The companies have an estimated 2-3 per cent share of the total insurance industry exposure, which relates to policies written before 1986 and principally those covering the period from the end of the Second World War to 1969.

The clean-up bill would mean big off-balance sheet liabilities for both insurers, particularly for policies before 1970, after which insurance companies introduced a pollution exclusion clause in general liability policies.

Estimations of the insurers' exposure are contained in a report by analysts at James Capel, the stockbroker. The report claims that CU and Royal could face a bill of at least £469m each on a "best-case" scenario.

This represents 12.3 per cent and 15.5 per cent respectively of each company's current stock market value.

On a "medium-case" scenario the figure soars to £2.5bn each; 66 per cent and 136 per cent of market capitalisation.
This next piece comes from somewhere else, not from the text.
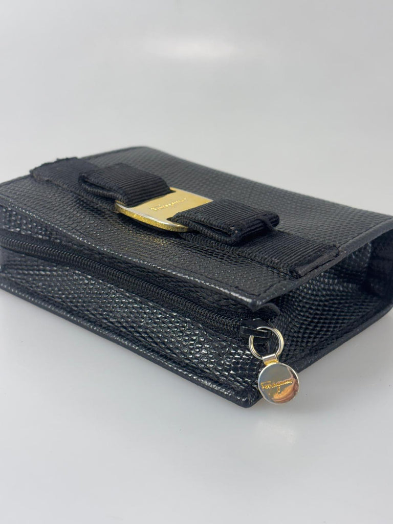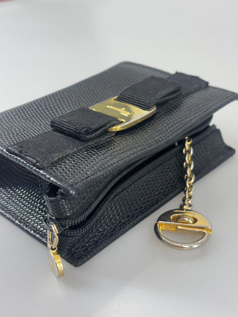 Klassisk nyckelhållare från Salvatore Ferragamo i svart läder med märkets ikoniska Vara-rosett och guldtonade metalldetaljer. Den djupa svarta tonen, det subtila lystret i lädret och de eleganta metall inslagen kombinerar tidlös italiensk design med en modern känsla. Med sin stilrena och funktionella design är denna tidlösa Ferragamo-accessoar en elegant detalj för den som värdesätter kvalitet och diskret exklusivitet, passar perfekt till vardagligt bruk eller som en stilfull detalj till din väska. Original dustbag och box medföljer.

Capel calls these figures alarming. No worst-case scenario was provided.

The bills relate to legal, third-party damages and natural recourses damages as well as clean-up costs.

Paul Found, group financial controller for CU, said yesterday that the high degree of uncertainty in this area made it almost impossible to quantify what the exposure might be, but that the company was happy with the undisclosed level of provision it had made.

Royal has had a dedicated unit in the US since 1980 which handles its claims, and existing reserves of £3.5bn for environmental exposure.

However, Royal would not reveal its total reserves for exposure but said that the broad-brush approach adopted by Capel was not an accurate way to measure liability.

The report estimates there are 147 policy-holders linked to Royal, and 67 to CU, which have already been named as potential responsible parties - those identified by Superfund, the US law that governs clean-up of polluted sites.

Any action on the clean-up of sites is co-ordinated by the Environmental Protection Agency. Both companies are also said to be involved with policy- holders named at three or more listed sites, known as multi-site insureds.

The EPA estimates that the average cost of cleaning up one site stands at $30.7m.

Alan Levine, managing director of Standard & Poor's rating agency in New York, suggested yesterday that the estimates were too high. S&P estimates the total environmental exposure to be nearer a present value estimate of $42bn.

On those grounds Mr Levine did not think that CU or Royal could have such large exposures, but he pointed out that it was always possible that a company could have an unfortunately large exposure through just one policy-holder.